## [EXERCISE PROMPT]
Write out each entry below exactly. Do not include the images.

─── RECORDS SUPPLIED ───

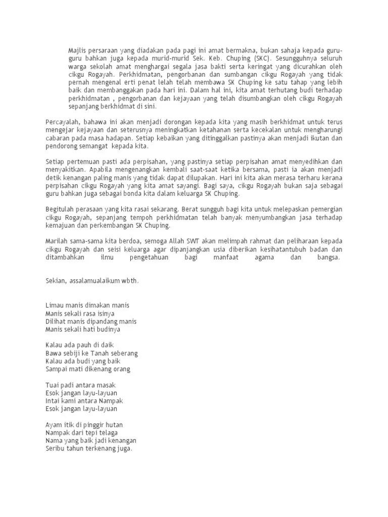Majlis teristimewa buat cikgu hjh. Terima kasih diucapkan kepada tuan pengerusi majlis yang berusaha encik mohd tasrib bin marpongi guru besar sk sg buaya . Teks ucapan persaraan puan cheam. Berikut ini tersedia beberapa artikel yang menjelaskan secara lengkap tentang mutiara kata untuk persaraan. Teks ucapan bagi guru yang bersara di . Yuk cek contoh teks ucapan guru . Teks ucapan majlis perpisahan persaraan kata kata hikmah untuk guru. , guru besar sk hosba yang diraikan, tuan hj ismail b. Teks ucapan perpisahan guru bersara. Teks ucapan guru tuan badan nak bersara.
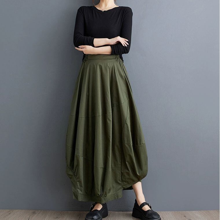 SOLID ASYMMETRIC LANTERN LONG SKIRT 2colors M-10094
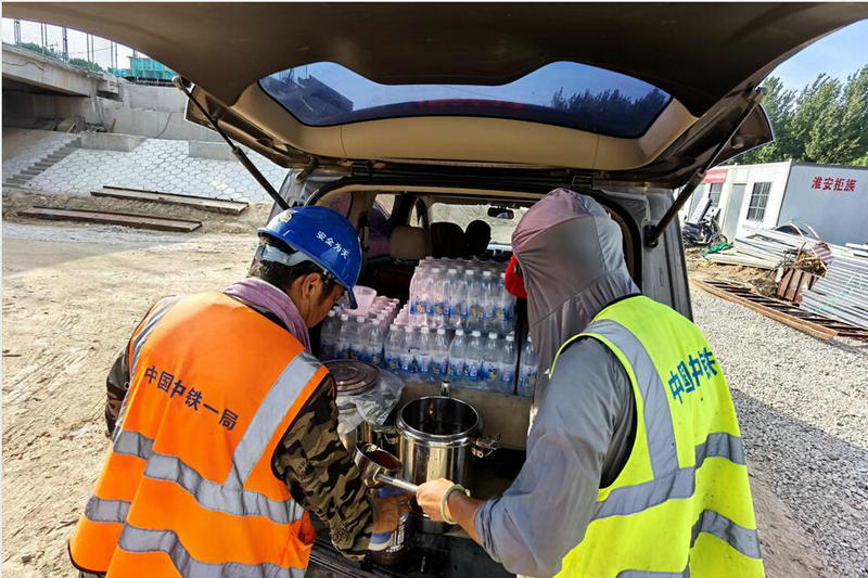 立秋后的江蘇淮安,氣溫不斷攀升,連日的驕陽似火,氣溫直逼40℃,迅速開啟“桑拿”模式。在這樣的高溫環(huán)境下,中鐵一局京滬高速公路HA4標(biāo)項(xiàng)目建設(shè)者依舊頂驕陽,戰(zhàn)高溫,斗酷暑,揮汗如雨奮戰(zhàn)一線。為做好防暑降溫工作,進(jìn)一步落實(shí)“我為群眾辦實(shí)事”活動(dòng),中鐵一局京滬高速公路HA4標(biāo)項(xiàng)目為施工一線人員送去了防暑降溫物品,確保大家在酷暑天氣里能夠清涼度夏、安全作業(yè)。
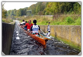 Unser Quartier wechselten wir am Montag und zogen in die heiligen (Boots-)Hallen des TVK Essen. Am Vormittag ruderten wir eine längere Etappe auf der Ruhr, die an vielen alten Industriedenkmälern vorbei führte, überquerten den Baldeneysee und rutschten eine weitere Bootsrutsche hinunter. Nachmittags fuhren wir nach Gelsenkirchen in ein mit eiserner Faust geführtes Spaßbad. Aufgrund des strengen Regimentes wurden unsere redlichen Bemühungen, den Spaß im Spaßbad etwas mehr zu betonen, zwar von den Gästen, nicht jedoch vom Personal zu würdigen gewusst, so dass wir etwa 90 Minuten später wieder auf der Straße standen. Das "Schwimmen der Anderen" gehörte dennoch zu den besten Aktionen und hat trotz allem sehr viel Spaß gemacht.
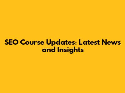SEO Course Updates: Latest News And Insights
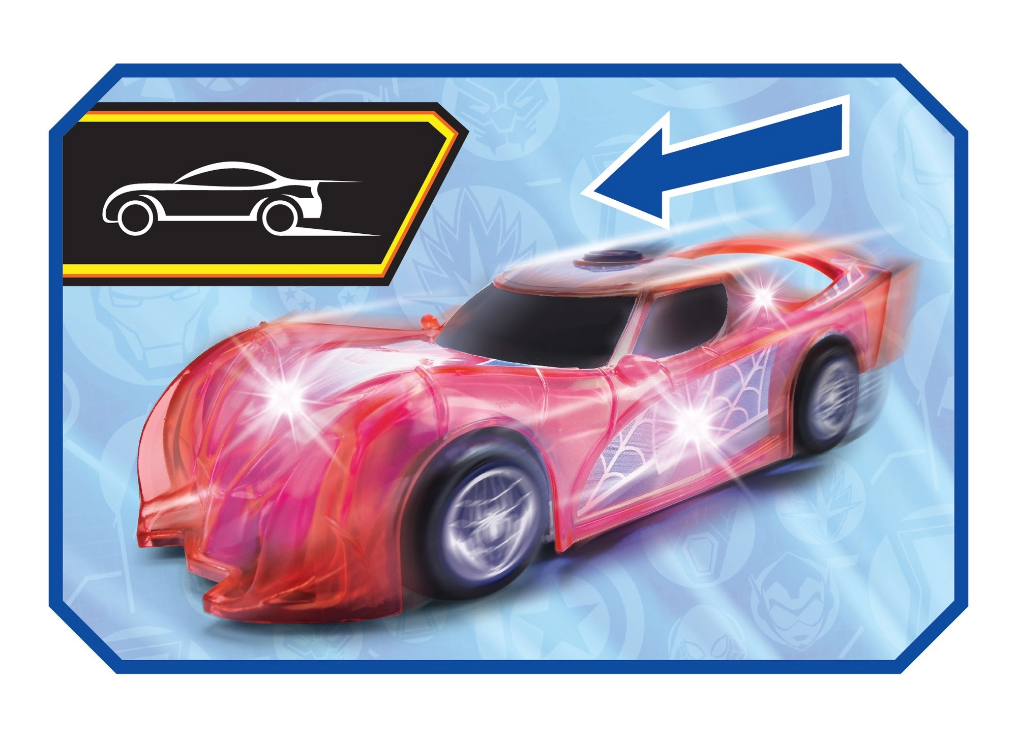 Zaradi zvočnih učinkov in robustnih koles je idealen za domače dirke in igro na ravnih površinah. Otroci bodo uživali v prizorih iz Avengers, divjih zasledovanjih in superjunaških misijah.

───

## [EXERCISE RESULT]
Majlis teristimewa buat cikgu hjh. Terima kasih diucapkan kepada tuan pengerusi majlis yang berusaha encik mohd tasrib bin marpongi guru besar sk sg buaya . Teks ucapan persaraan puan cheam. Berikut ini tersedia beberapa artikel yang menjelaskan secara lengkap tentang mutiara kata untuk persaraan. Teks ucapan bagi guru yang bersara di . Yuk cek contoh teks ucapan guru . Teks ucapan majlis perpisahan persaraan kata kata hikmah untuk guru. , guru besar sk hosba yang diraikan, tuan hj ismail b. Teks ucapan perpisahan guru bersara. Teks ucapan guru tuan badan nak bersara.
 SOLID ASYMMETRIC LANTERN LONG SKIRT 2colors M-10094
 立秋后的江蘇淮安,氣溫不斷攀升,連日的驕陽似火,氣溫直逼40℃,迅速開啟“桑拿”模式。在這樣的高溫環(huán)境下,中鐵一局京滬高速公路HA4標(biāo)項(xiàng)目建設(shè)者依舊頂驕陽,戰(zhàn)高溫,斗酷暑,揮汗如雨奮戰(zhàn)一線。為做好防暑降溫工作,進(jìn)一步落實(shí)“我為群眾辦實(shí)事”活動(dòng),中鐵一局京滬高速公路HA4標(biāo)項(xiàng)目為施工一線人員送去了防暑降溫物品,確保大家在酷暑天氣里能夠清涼度夏、安全作業(yè)。
 Unser Quartier wechselten wir am Montag und zogen in die heiligen (Boots-)Hallen des TVK Essen. Am Vormittag ruderten wir eine längere Etappe auf der Ruhr, die an vielen alten Industriedenkmälern vorbei führte, überquerten den Baldeneysee und rutschten eine weitere Bootsrutsche hinunter. Nachmittags fuhren wir nach Gelsenkirchen in ein mit eiserner Faust geführtes Spaßbad. Aufgrund des strengen Regimentes wurden unsere redlichen Bemühungen, den Spaß im Spaßbad etwas mehr zu betonen, zwar von den Gästen, nicht jedoch vom Personal zu würdigen gewusst, so dass wir etwa 90 Minuten später wieder auf der Straße standen. Das "Schwimmen der Anderen" gehörte dennoch zu den besten Aktionen und hat trotz allem sehr viel Spaß gemacht.
SEO Course Updates: Latest News And Insights
 Zaradi zvočnih učinkov in robustnih koles je idealen za domače dirke in igro na ravnih površinah. Otroci bodo uživali v prizorih iz Avengers, divjih zasledovanjih in superjunaških misijah.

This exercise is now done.